2021 Annual Disclosure Statement

An Op-Ed columnist in my local paper once wrote a piece that she called her Annual Disclosure Statement. She said, “I have regular readers and new readers, but I can’t assume that everyone knows where I stand on the issues. Someone reading me for the first time might pass judgment on my work without knowing how I’ve formed my opinions over time. (You need to know) who I am so you can get to know what makes me tick.”

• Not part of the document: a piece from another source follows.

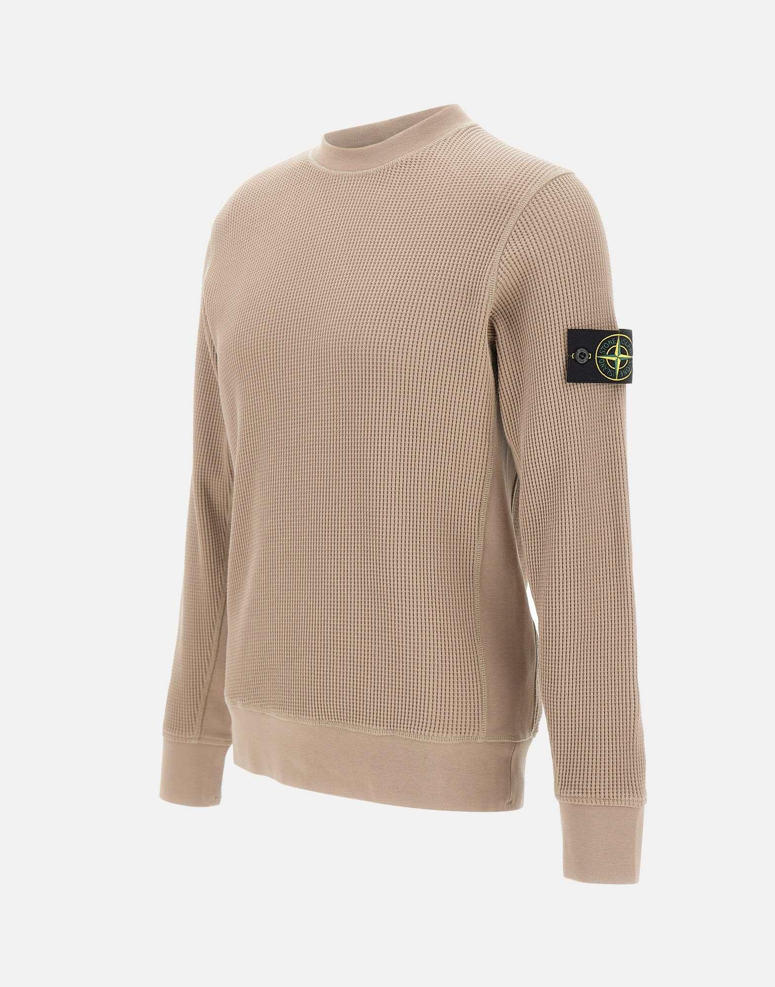 Felpa uomo Stone Island in cotone biologico a nido d'ape color beige, modello a girocollo dal design tecnico e contemporaneo. La costruzione è valorizzata da maniche raglan sul retro, inserti a costine laterali e sul sottomanica e cuciture overlock che definiscono i dettagli con un look pulito e funzionale. Rifinita da bordi a costine, offre una pesantezza elevata ideale per la stagione fredda e per il layering. Badge Stone Island applicato sulla manica sinistra. Vestibilità regular.

It is important to me that you have similar perspective about my work. I’ve been writing about fantasy baseball analysis for more than three decades. Here is a summary of my core values:

  • I’ve taken more statistics courses than I can remember, but I don’t like to rely on the inherent rigidity of quantitative analysis in evaluating baseball performance. The human element has too much impact on a player’s numbers. I prefer to try and find logical, more accessible means of analysis. The numbers provide a backbone, nothing more.
  • As such, my proclamation in the 1994 Baseball Forecaster – “Numbers are everything!” – has been pretty much disavowed. My mantra now is “Embrace imprecision!”
  • I am a fantasy baseball purist, having cut my teeth on the Rotisserie format back in the mid-1980s. To me, the game is primarily an intellectual challenge. I do not play for any significant money. While that elevates the excitement level for many, I find it a distraction that takes away from the experience. I do not possess the gambling gene.
  • I believe that the purest method for building a roster is the salary cap game. We have proven to be terrible judges of player value, so a game in which market value is pre-set — and owners need only agree or disagree — provides the most level playing field. Giving owners the power to set their own values (in auctions) or rank players (in snake drafts) yields skewed results.
  • That said, my favorite draft experience is the auction. I like having access to every player and adding the economic element to the process, even if the player prices have little connection to reality.
  • I believe that every method currently in use for in-season free agent acquisition is flawed. There is a ridiculously easy solution that I’ve written about numerous times (the eBay engine). Only a handful of commissioner services have been interested enough to at least try it out. It should be the standard.
  • I think daily fantasy sports (DFS) are an exciting competition variant that requires a different skill set in order to succeed. I think the manner in which cash winnings are tied to the game corrupts the experience. How do you fix it? For starters, make every contest – cash or GPP – single entry. But game operators won’t leave all that money on the table from players willing to pay to skew the results in their favor.
  • Full season fantasy remains the greatest game. From my farewell column at BaseballHQ.com: “My carrot is the exhilaration that comes with creating a successful new strategy, nailing a breakout performer that nobody else saw coming and grinding out a tough victory. Winning should provide a massive sense of great accomplishment. Picking the right players on one night just doesn’t have the same pay-off for me.”

And some personal notes…

  • Despite leaving Baseball HQ in 2015, moving to Florida in 2016 and turning 60 in 2017, I am not retired and have no intention of retiring any time soon. There are still books to write, ideas to innovate and leagues to be won. They’ll have to drag me to the shuffleboard courts, kicking and screaming.
  • I am writing a book about the beginnings of the fantasy baseball industry. You can read about it here. I hope to be done by 2022, but it’ll get done when it’s finished. This is the project that is driving me right now.
  • In 2018, two close friends and industry colleagues — Steve Moyer and Lawr Michaels — and my younger brother passed away. I took over managing my 90something parents’ affairs after my mother was diagnosed with cancer. That year took a toll on me. Unfortunately, 2019 continued to wear me down; I lost four months dealing with my own health scare and managing my parents’ affairs still demanded my time. In December 2020, my father died. It’s been a difficult period in my life and I am still working my way back, so please excuse the occasional lapses, hiccups or displaced focus that might filter into my work. I apologize in advance. Again.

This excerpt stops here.